● **GIVEN INFORMATION**:
+ + + + +
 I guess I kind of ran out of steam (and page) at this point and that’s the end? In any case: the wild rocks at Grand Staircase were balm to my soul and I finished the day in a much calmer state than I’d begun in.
+ + + + +
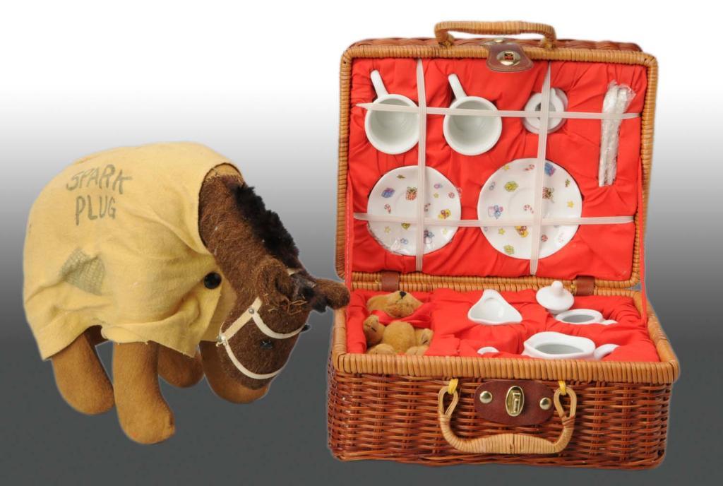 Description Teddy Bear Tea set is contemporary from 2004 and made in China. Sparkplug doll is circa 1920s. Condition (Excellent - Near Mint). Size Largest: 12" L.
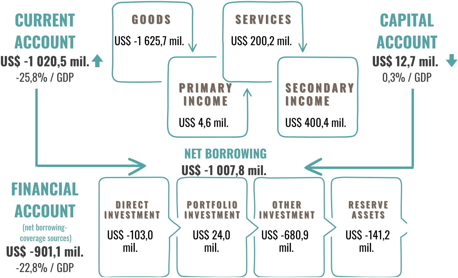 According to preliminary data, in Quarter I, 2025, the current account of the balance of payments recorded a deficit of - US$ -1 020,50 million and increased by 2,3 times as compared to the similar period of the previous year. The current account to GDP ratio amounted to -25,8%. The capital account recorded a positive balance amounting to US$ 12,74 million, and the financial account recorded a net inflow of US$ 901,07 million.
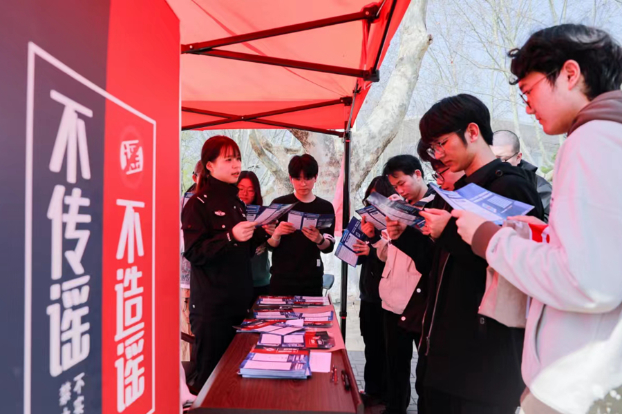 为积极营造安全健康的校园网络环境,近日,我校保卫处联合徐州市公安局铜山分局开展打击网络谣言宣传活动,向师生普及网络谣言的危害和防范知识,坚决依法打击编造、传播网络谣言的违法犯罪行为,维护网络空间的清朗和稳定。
+ + + + +
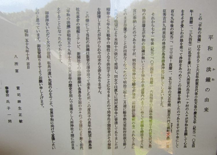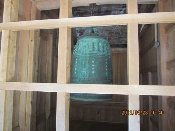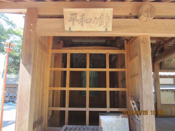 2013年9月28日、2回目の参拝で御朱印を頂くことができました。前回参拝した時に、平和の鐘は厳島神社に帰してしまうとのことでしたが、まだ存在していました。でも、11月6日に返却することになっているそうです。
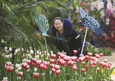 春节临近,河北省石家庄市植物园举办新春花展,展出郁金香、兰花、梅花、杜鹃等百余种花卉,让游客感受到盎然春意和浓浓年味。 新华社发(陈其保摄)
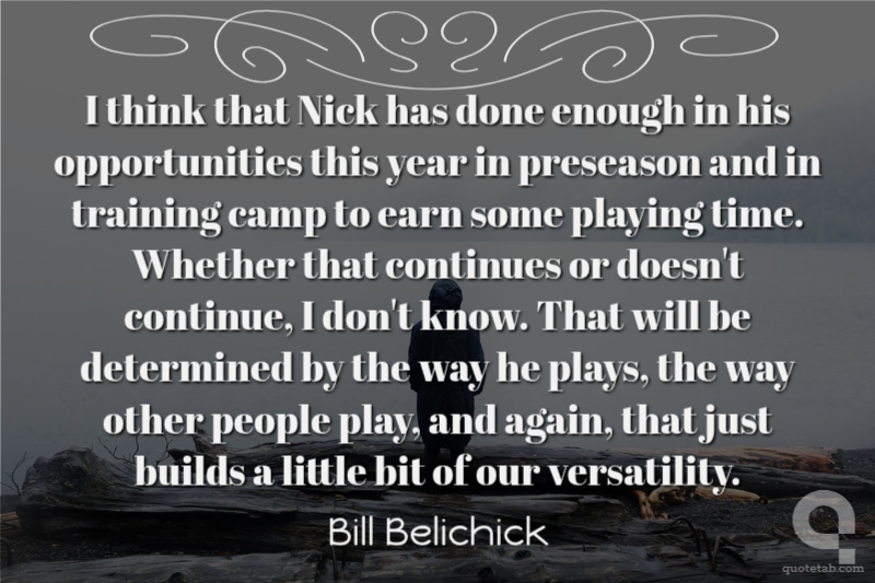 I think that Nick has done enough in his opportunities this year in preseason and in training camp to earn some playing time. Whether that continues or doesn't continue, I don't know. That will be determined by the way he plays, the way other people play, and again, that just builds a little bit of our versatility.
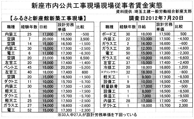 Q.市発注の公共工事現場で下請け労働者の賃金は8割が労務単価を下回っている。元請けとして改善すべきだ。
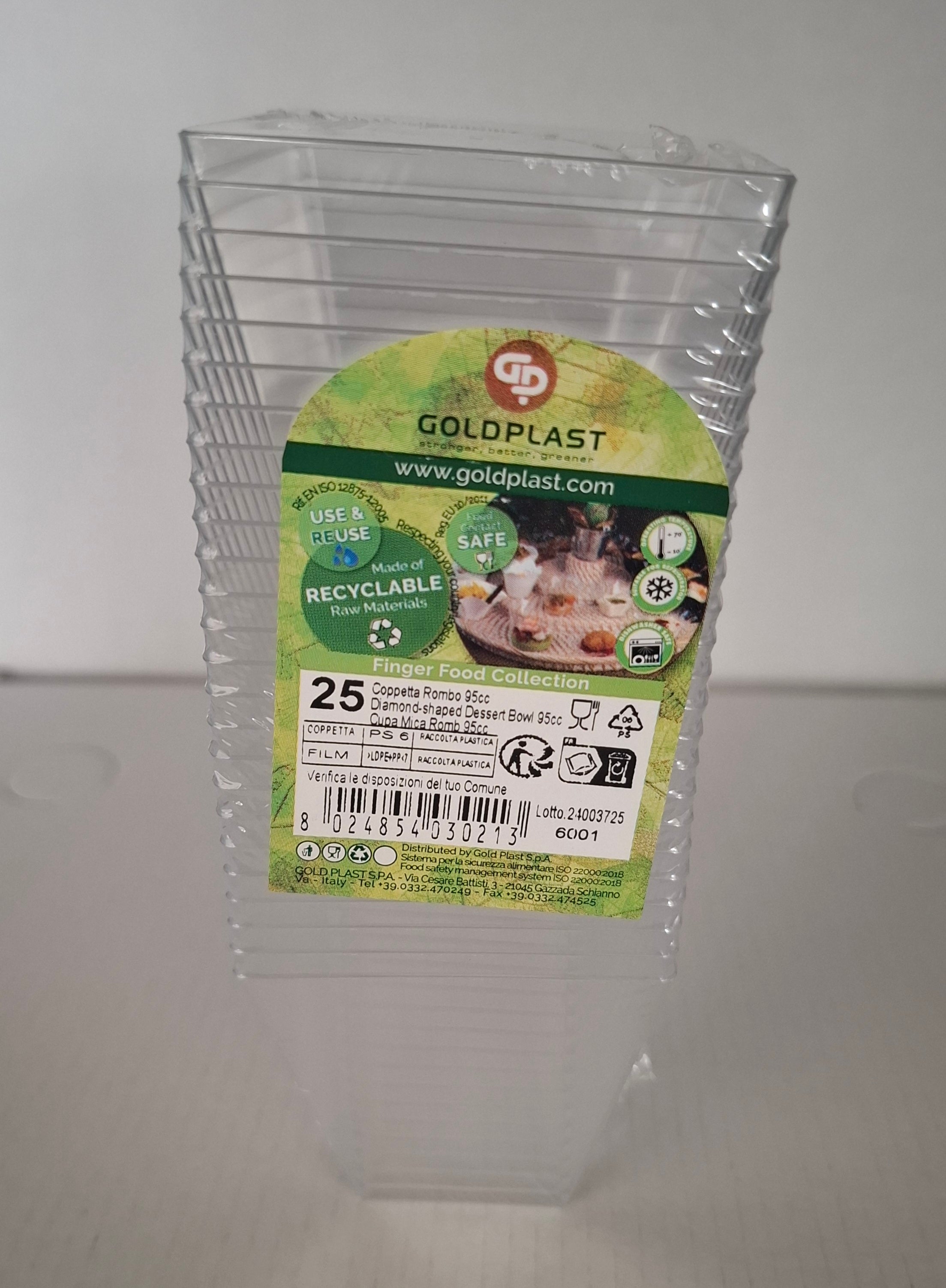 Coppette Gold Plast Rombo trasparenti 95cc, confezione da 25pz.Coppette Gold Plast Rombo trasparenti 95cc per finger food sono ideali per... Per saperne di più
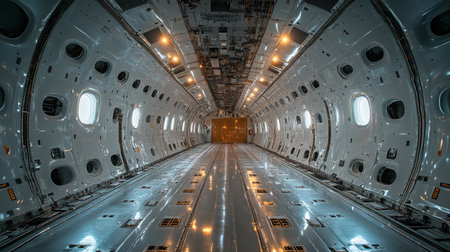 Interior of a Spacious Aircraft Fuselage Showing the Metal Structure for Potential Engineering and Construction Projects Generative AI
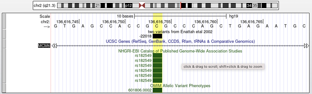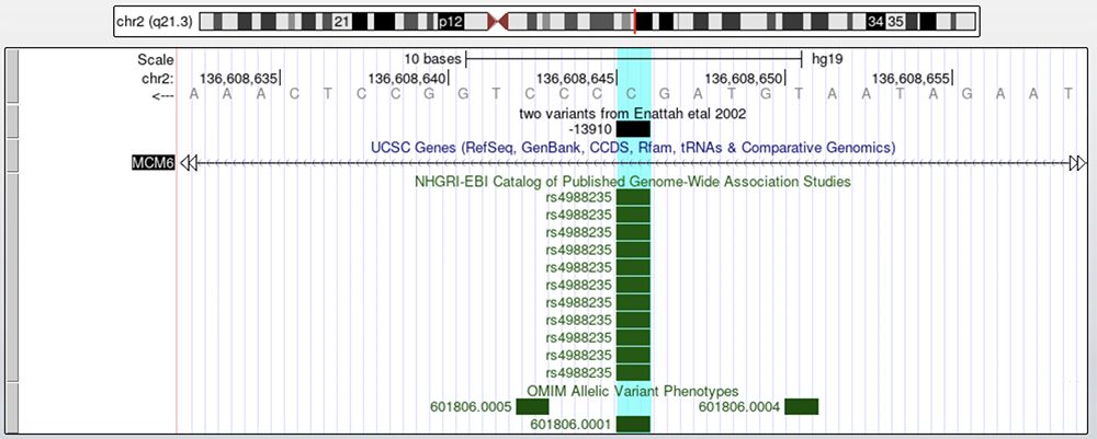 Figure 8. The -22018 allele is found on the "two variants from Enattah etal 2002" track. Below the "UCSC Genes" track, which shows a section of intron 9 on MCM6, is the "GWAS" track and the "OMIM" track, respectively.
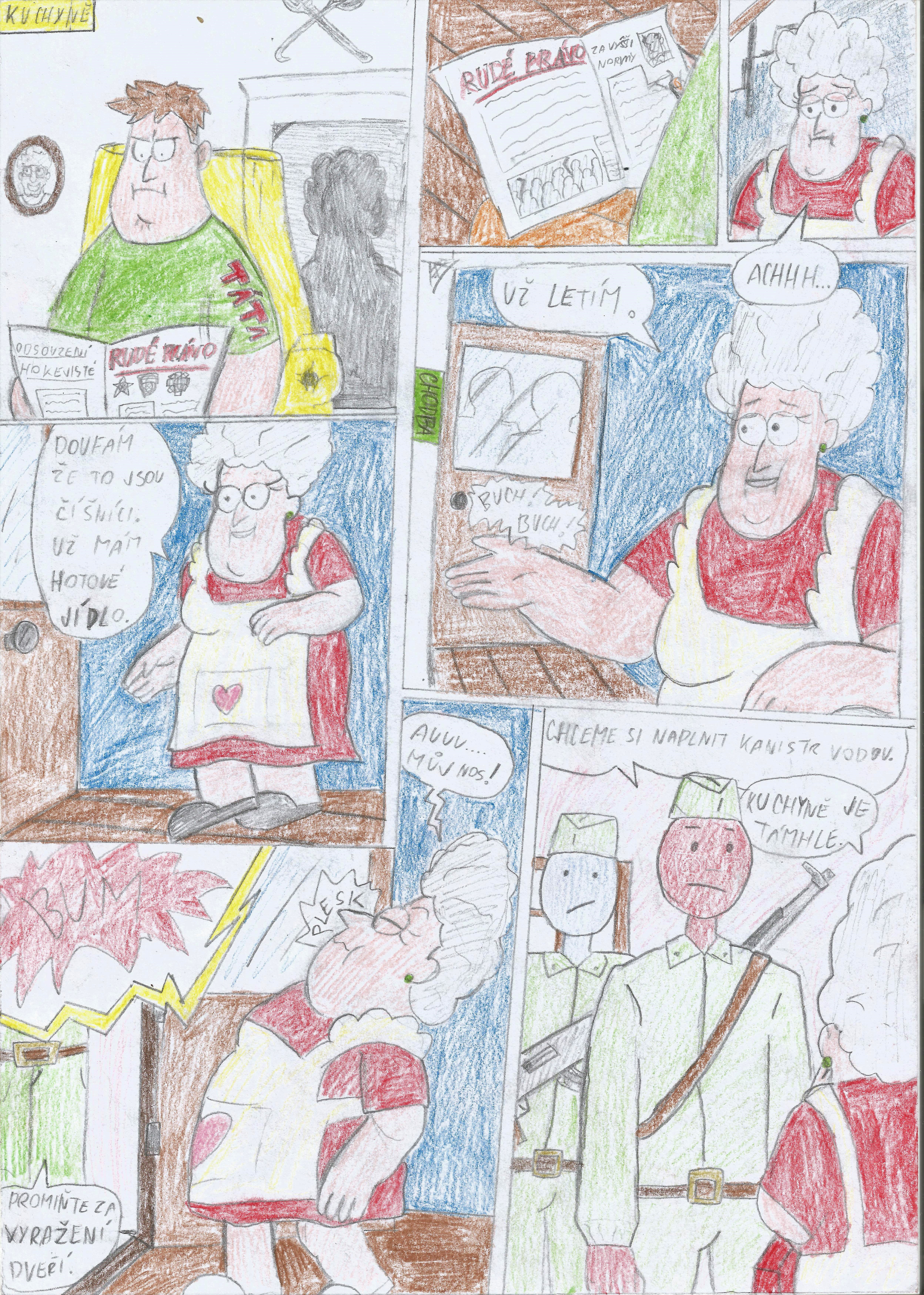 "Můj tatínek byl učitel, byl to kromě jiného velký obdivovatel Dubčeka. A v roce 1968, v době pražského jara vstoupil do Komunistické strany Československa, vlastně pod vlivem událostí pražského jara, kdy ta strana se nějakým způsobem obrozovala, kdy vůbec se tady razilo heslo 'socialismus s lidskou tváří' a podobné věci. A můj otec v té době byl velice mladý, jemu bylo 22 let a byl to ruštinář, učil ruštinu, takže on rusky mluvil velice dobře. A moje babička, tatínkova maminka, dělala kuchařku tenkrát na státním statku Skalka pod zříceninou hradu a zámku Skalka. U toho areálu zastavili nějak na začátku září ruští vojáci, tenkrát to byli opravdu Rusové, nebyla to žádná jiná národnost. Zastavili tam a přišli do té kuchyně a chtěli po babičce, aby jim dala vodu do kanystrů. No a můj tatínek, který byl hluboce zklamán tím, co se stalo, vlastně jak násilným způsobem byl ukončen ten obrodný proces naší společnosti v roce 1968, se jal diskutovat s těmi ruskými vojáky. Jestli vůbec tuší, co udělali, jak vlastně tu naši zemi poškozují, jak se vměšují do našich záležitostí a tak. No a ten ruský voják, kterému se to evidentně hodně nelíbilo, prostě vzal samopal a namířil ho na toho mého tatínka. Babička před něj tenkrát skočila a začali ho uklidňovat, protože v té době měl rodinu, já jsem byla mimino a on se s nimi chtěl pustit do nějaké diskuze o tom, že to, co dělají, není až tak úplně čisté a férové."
+ + + + +
● **TASK PROMPT**:
Give again, exactly as written above, every line from the one holding "Q.市発注の公共工事現場で下" to the one holding "Figure 8. The", with both ends kept and the pictures left out.

● **EXERCISE ANSWER**:
 Q.市発注の公共工事現場で下請け労働者の賃金は8割が労務単価を下回っている。元請けとして改善すべきだ。
 Coppette Gold Plast Rombo trasparenti 95cc, confezione da 25pz.Coppette Gold Plast Rombo trasparenti 95cc per finger food sono ideali per... Per saperne di più
 Interior of a Spacious Aircraft Fuselage Showing the Metal Structure for Potential Engineering and Construction Projects Generative AI
 Figure 8. The -22018 allele is found on the "two variants from Enattah etal 2002" track. Below the "UCSC Genes" track, which shows a section of intron 9 on MCM6, is the "GWAS" track and the "OMIM" track, respectively.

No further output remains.